§ Exercise instructions:
Reproduce nothing beyond the line containing "Lela Rose Floral". From the first line of the data below down to it, copy each line exactly, without the pictures.

─── Data extract ───

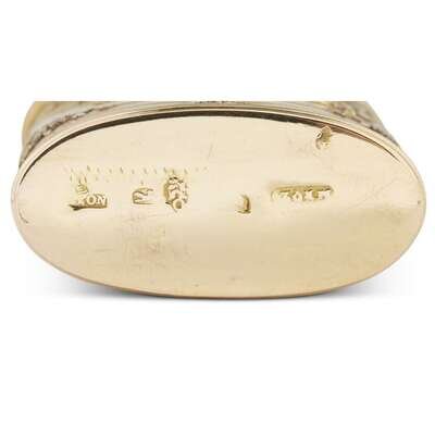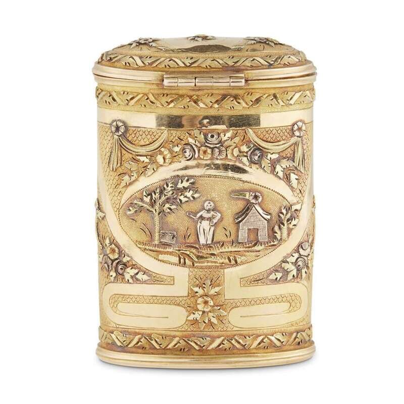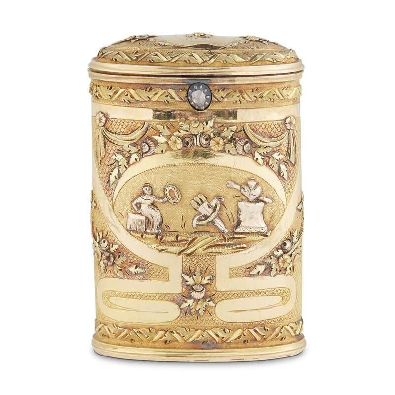 Maker's marks indistinct, struck inside lid and on base, the whole decorated with strapwork and garlands en deux couleurs, each side centering cartouches with allegorical scenes, the thumbpiece set with a rose-cut diamond.
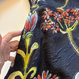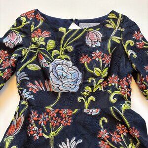 Lela Rose Floral Flare Embroidered Dress Short Sleeve Cocktail Wedding Silk
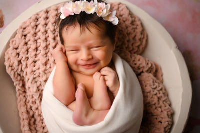 Nous commençons par les photos de famille. Vos regards tendres, les sourires en coin, les petites larmes parfois, la fierté aussi… Toutes ses émotions à figer qui montreront plus tard à quel point vous avez accueilli cet enfant avec amour ! Ensuite je me consacrerai à votre petite merveille en la mettant en scène dans différents contenants, avec différents accessoires en allant crescendo dans les poses que je lui ferai prendre.
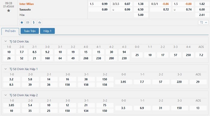 Xem tỷ lệ kèo cá cược bóng đá trực tuyến Inter Milan vs Sassuolo
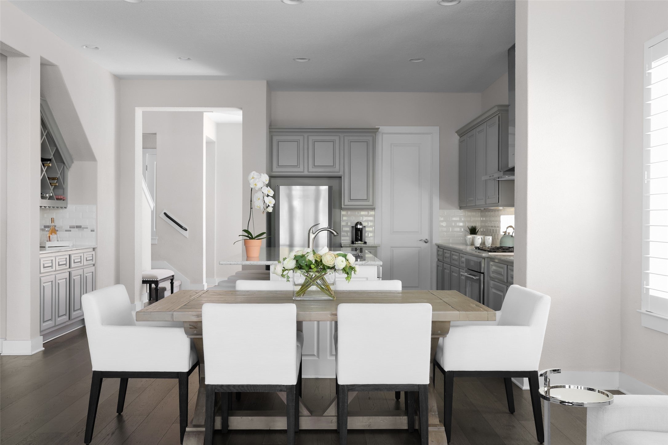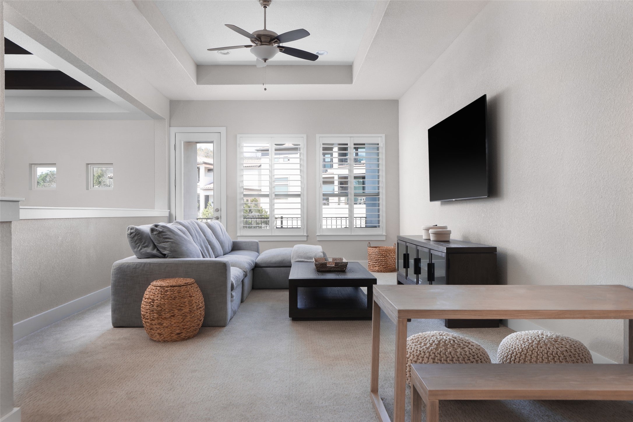 Lake Travis water level is up! Purchase turn-key for summer 2026! ALL RESTORATION HARDWARE FURNITURE NEGOTIABLE. Luxury meets effortless lakeside living in this meticulously upgraded 3 or 4-bedroom, 2.5-bathroom home in the prestigious Lake Ridge at Rough Hollow community on Lake Travis. Designed for those who appreciate high-end finishes and a low-maintenance, lock-and-leave lifestyle, this 2,591 sq. ft. residence is nestled in a gated enclave just moments from Lake Travis, the Rough Hollow Yacht Club and Marina, and offers resort-style amenities. Step inside to an elegant open-concept floor plan featuring soaring ceilings with wood beams, designer wood flooring, and custom crown molding. The great room is an inviting space, while the chef’s kitchen provides outstanding functional efficiency—boasting granite countertops, premium Thermador appliances, soft-close cabinetry, and a stylish dry bar and wine cabinet. The primary suite on the main level offers a spa-inspired retreat with a custom closet system, a luxury walk-in shower with designer tile for a warm ambiance. Upstairs, a spacious family room, game room, and study/tech center provide flexibility for work, play, or entertainment, two bedrooms, and a large bathroom with dual vanities. Outdoor living is elevated with two covered patios, a built-in stainless steel grill, and views over a serene wet-weather creek. Additional features include a two-car garage, upgraded security system pre-wiring, and premium window coverings. Residents enjoy unparalleled access to Rough Hollow’s world-class amenities, including the private marina, a state-of-the-art fitness center, infinity pools, waterfront dining, and miles of scenic trails.
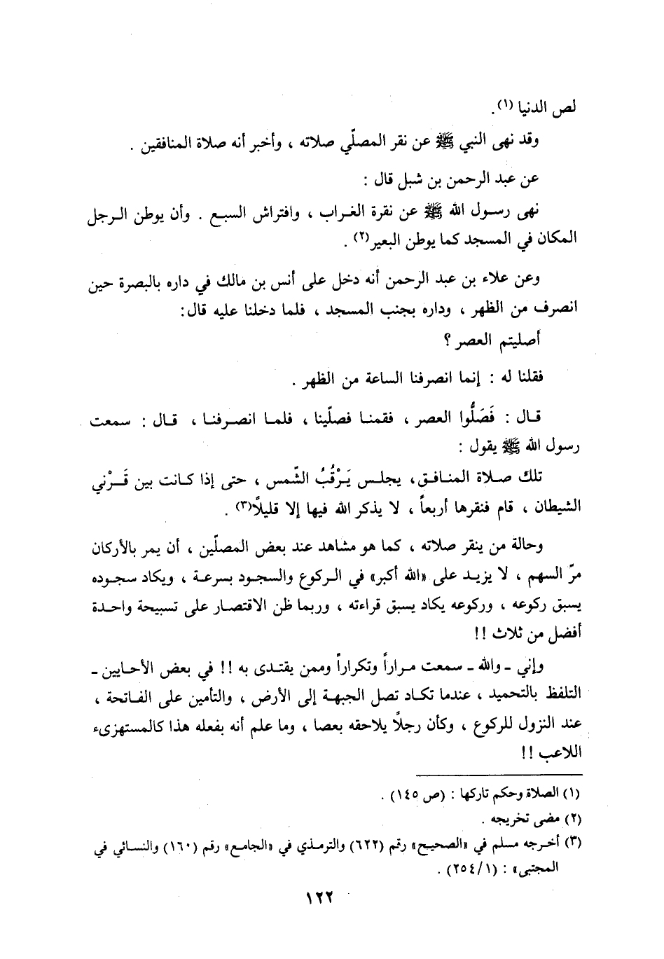 وقد نهى النبي - صلى الله عليه وسلم - عن نقر المصلّي صلاته، وأخبر أنه صلاة المنافقين.
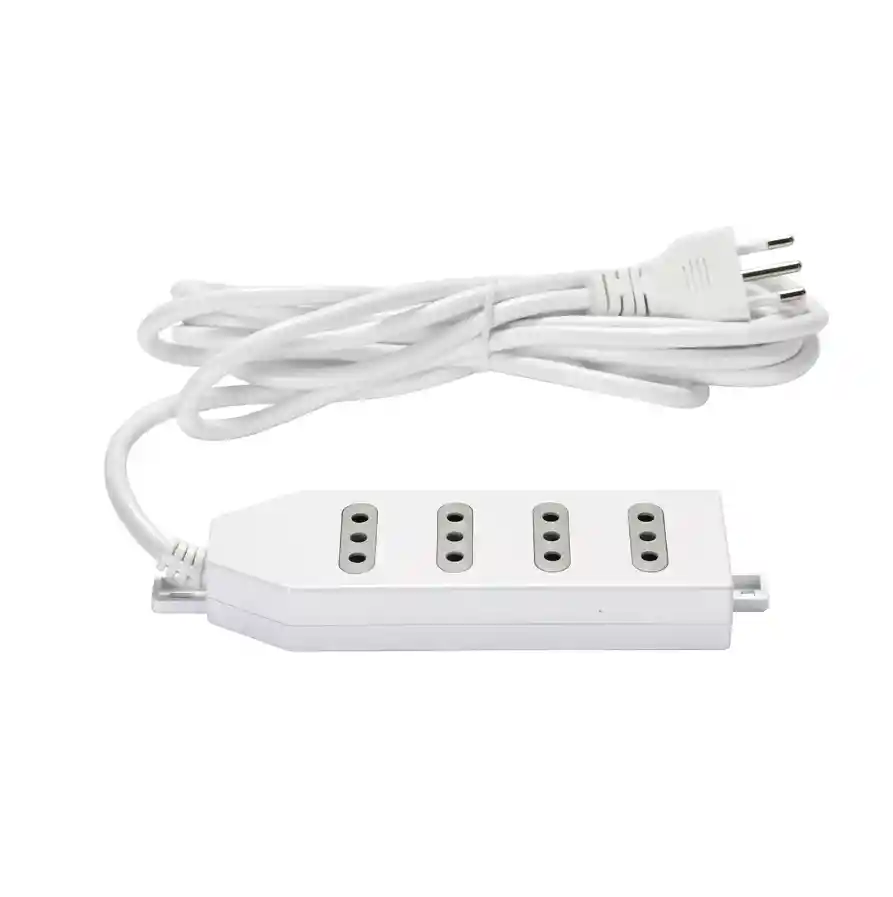 Llega a todas partes con esta extensión eléctrica tipo zapatilla de 4 posiciones. ESPECIFICACIONES: • Alargador de 4 posiciones. • Capacidad para 10A/250V. • Color Blanco. • Certificación SEC. • Resiste 750°C. • Cable de 1,5 metros. • Potencia máxima de 2500W.
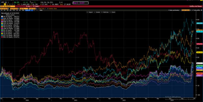 Las acciones argentinas en Wall Street que más subieron en estos 4 años fueron las de Vista, que avanzaron 280%, seguidas por Pampa, Edenor, TGS y Mercado Libre, con ganancias de entre 170% y 241%.
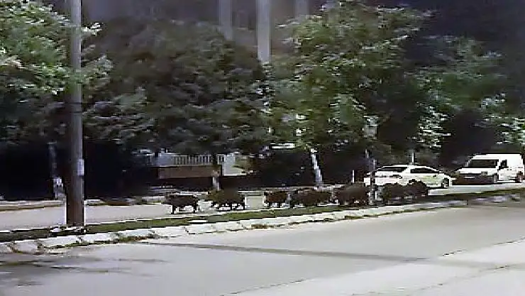Denizli'nin Merkezefendi ilçesinde akşam gezintisine çıkan domuz sürüsü, vatandaşlar tarafından cep telefonuyla görüntülendi.
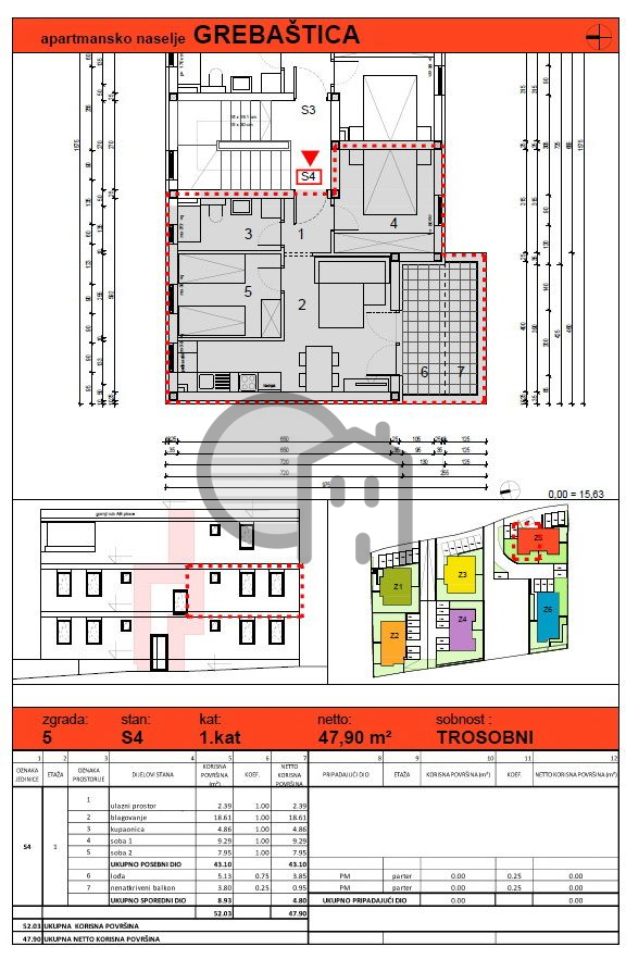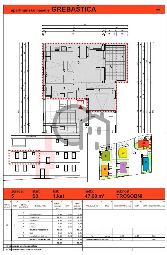 Apartment S3 - €210,000.00 Apartment S3 is located on the first floor, with a net usable area of 47.90 m2. It consists of two bedrooms, a bathroom, a living room, a kitchen and a dining room, as well as a loggia and an uncovered balcony. -SOLD
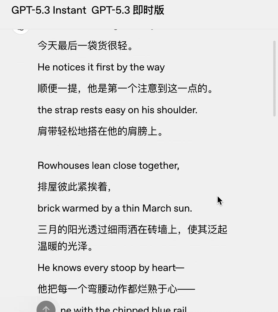 此外,5.3 Instant的升级还有一个亮点,那就是写作风格更细腻了。
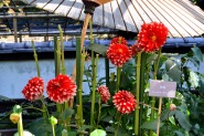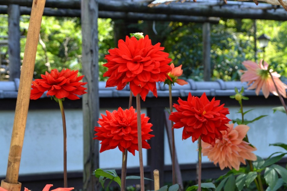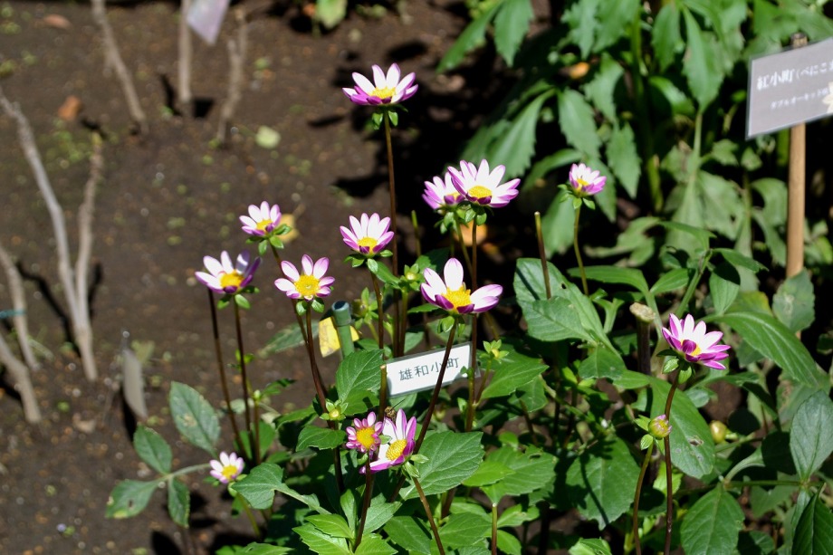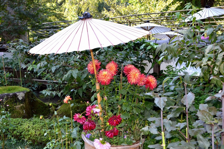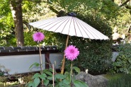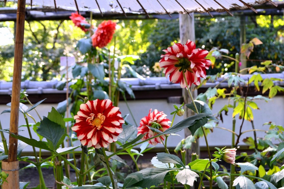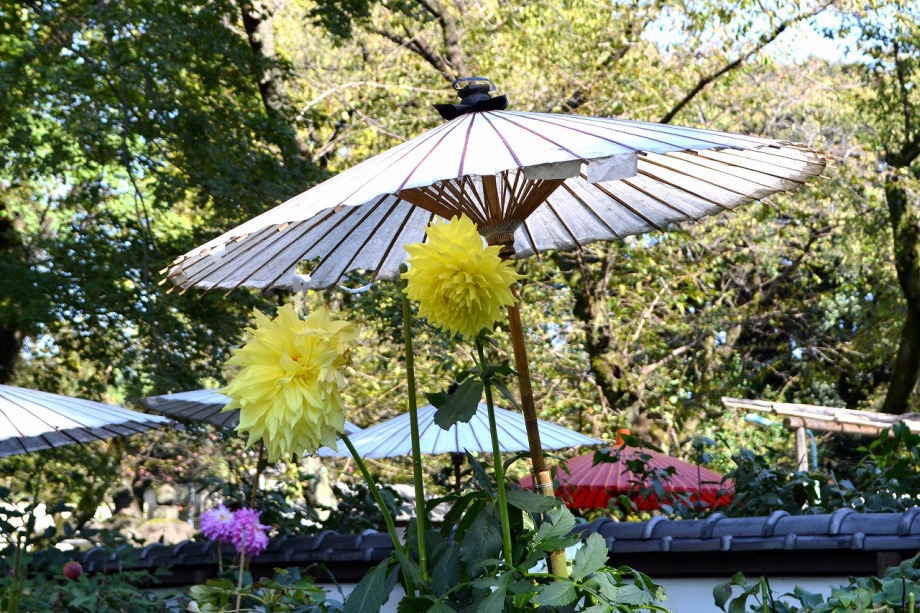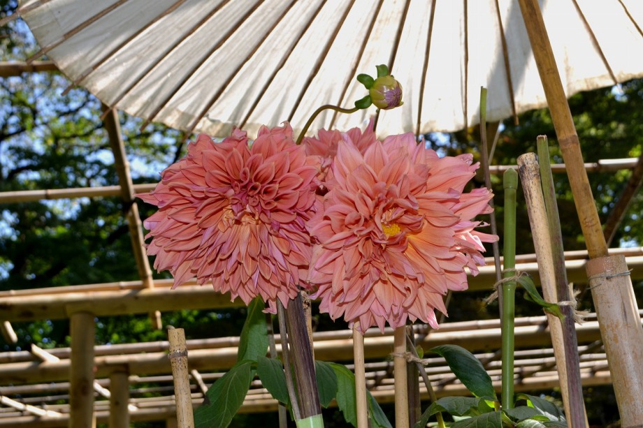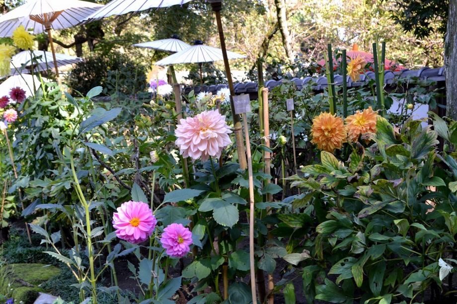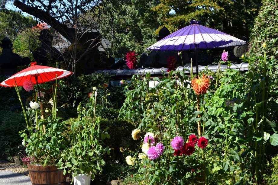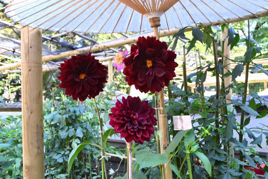 「一言」上野東照宮のぼたん苑で開催されているダリア展を見に行きました。綺麗なダリアの花がたくさん咲いていて綺麗でした。 牡丹の時と同じようにダリアの花には傘をかけていて、面白い雰囲気でした。傘の下で咲いているダリアの花の写真を たくさん撮りましたので、これらの花を中心にまとめました。ダリアの花に蝶が止まって蜜を吸っていました。

───

§ Answer section:
 Maker's marks indistinct, struck inside lid and on base, the whole decorated with strapwork and garlands en deux couleurs, each side centering cartouches with allegorical scenes, the thumbpiece set with a rose-cut diamond.
 Lela Rose Floral Flare Embroidered Dress Short Sleeve Cocktail Wedding Silk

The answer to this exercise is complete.